On Mon, Jun 23, 2003 at 10:16:57PM -0700, Menchi Zh-En WP wrote:
From: "Menchi" ... 2) The following example is even more bizarre. There's no space added, no char changed, but yet 3 sentences were reddened:
http://zh.wikipedia.org/w/wiki.phtml?title=Wikipedia:%E5%B8%B8%E8%A7%81%E9%9...
Such difficulties renders what could be obvious vandalism in Western Wikipedias quite subtle in CJK Wikipedia.s
Menchi Zh-En
Ok, after the 6 inspections of that Chinese Wiki-diff -- 1 of which C-&-P'ed to Notepad, another to Word -- I gave you above: I found the difference, finally. It is a vandal (and I honestly thought just a newbie wanting to perfect our Mandarin wording! I mentioned vandalism merely as a possibility).

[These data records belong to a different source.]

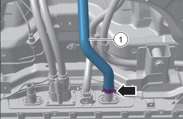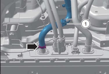 ? ? ? ?松開電池進水管固定卡箍,脫開電池進水管1動力電池系統(tǒng)總成的連接
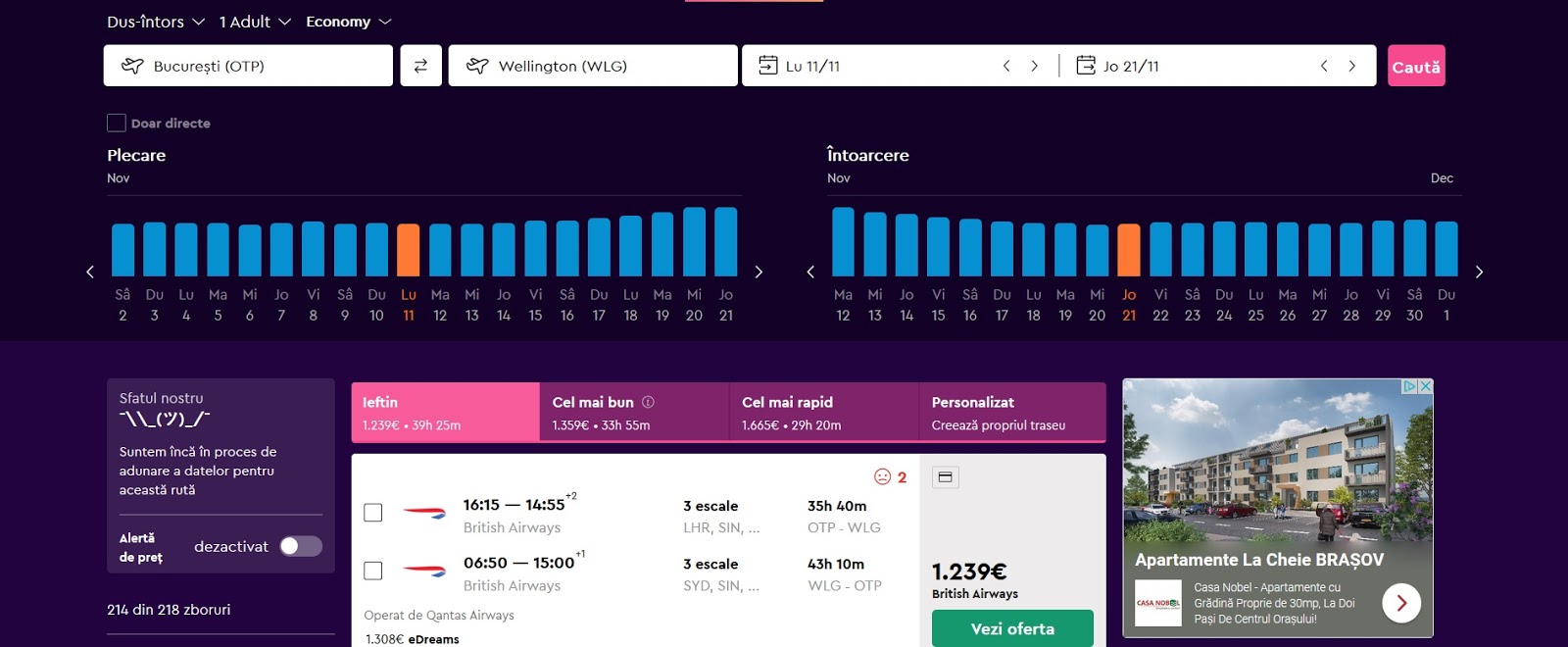 Chiar şi în noiembrie, dacă aveţi 1700 EUR strânşi pentru smartphone-ul ’cela de ultimă oră, primiţi cu sfatul?Wellington e oraşul cel mai mare aflat la cea mai mare distanţă de Otopeni (17,458.94 km) şi de acolo puteţi ajunge în cel mai îndepărtat loc de RO: Waitangi din Insulele Chatham (18,218.58 km). În Noua Zeelandă este primăvară în toată regula, iar un bilet v-ar costa
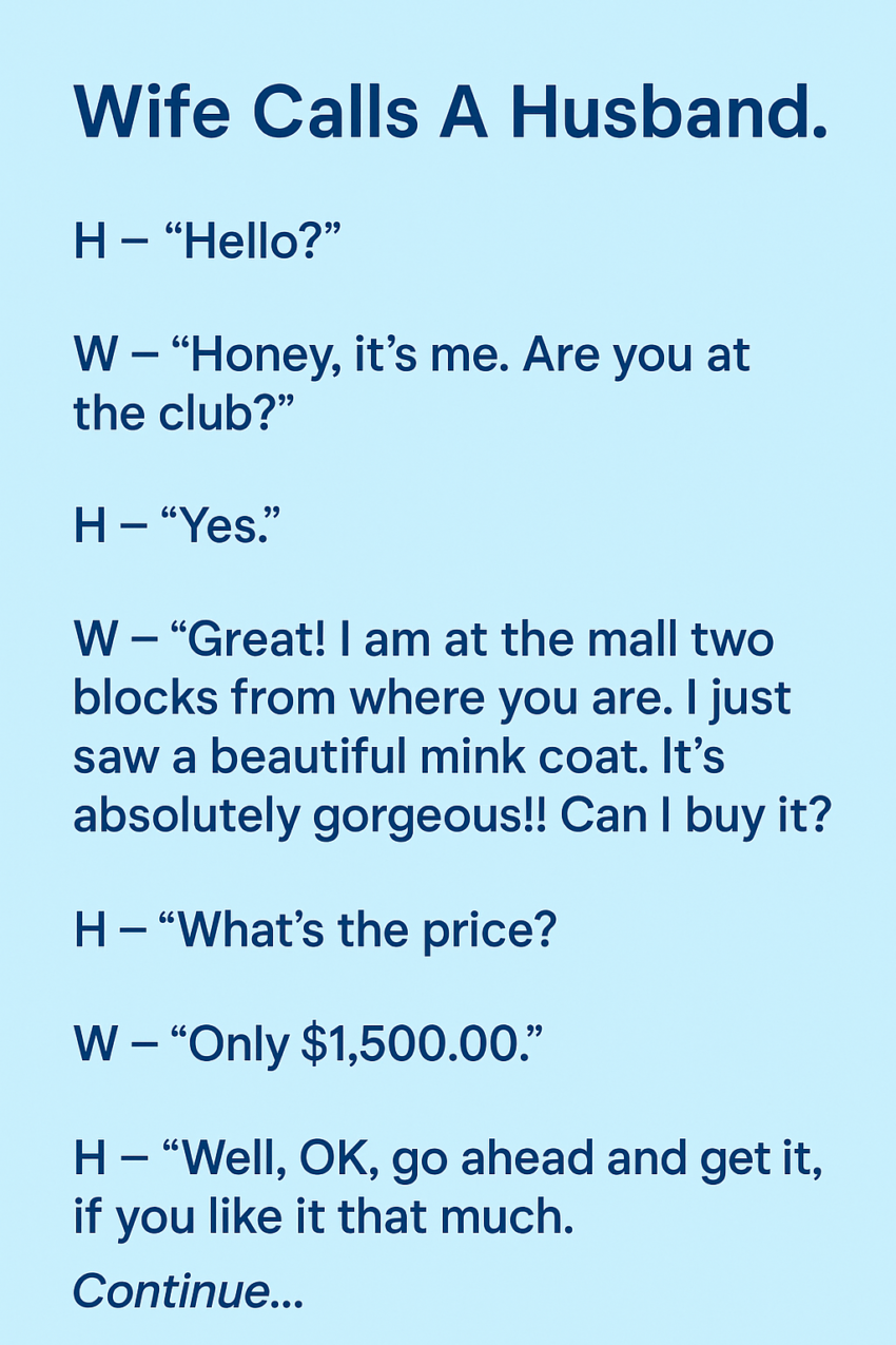 W – “Great! I’m at the mall two blocks from you. I just saw a beautiful mink coat. It’s absolutely gorgeous! Can I buy it?”
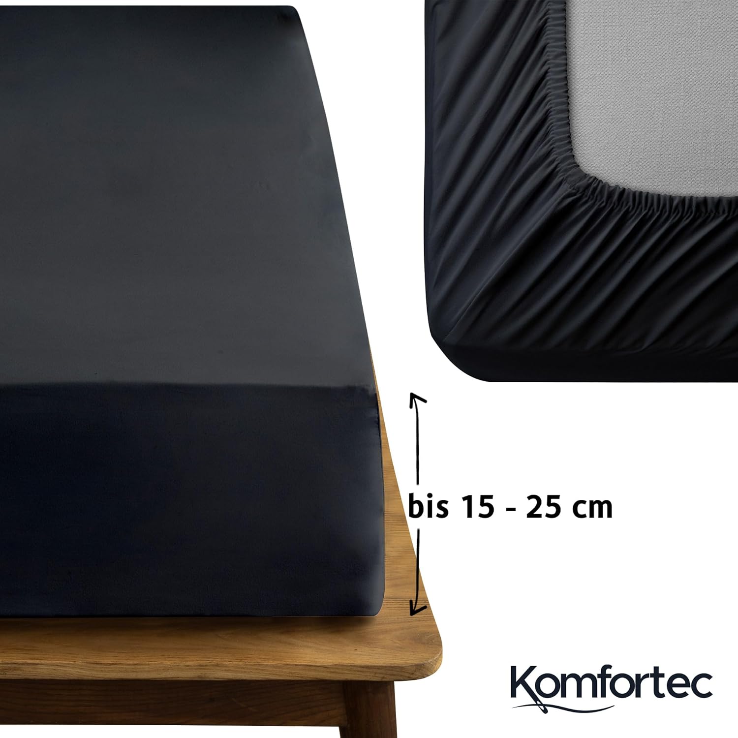 Благодарение на перфектната си форма и елегантен външен вид, чаршафите с пристягане Komfortec пасват идеално на вашето легло. Пасват идеално на всички легла с ширина между 15-25 см.

The vandal changed the mentioning of the English WP creation year fr. 2001 -> 2006. A moronic joke or Anglophobist it is.
Anyway, that just further proofs the flaw of the current diff detection.
It's word-based, so it doesn't work well with spaceless scripts. The easiest thing would be to tell it that every CJK character is a word on its own. (there has to be some nice regular expression for CJK character)
On the other hand I'm not sure if Japanese and Koreans would be happy with that treatment of kana/hangul, so something more complex may be needed in future.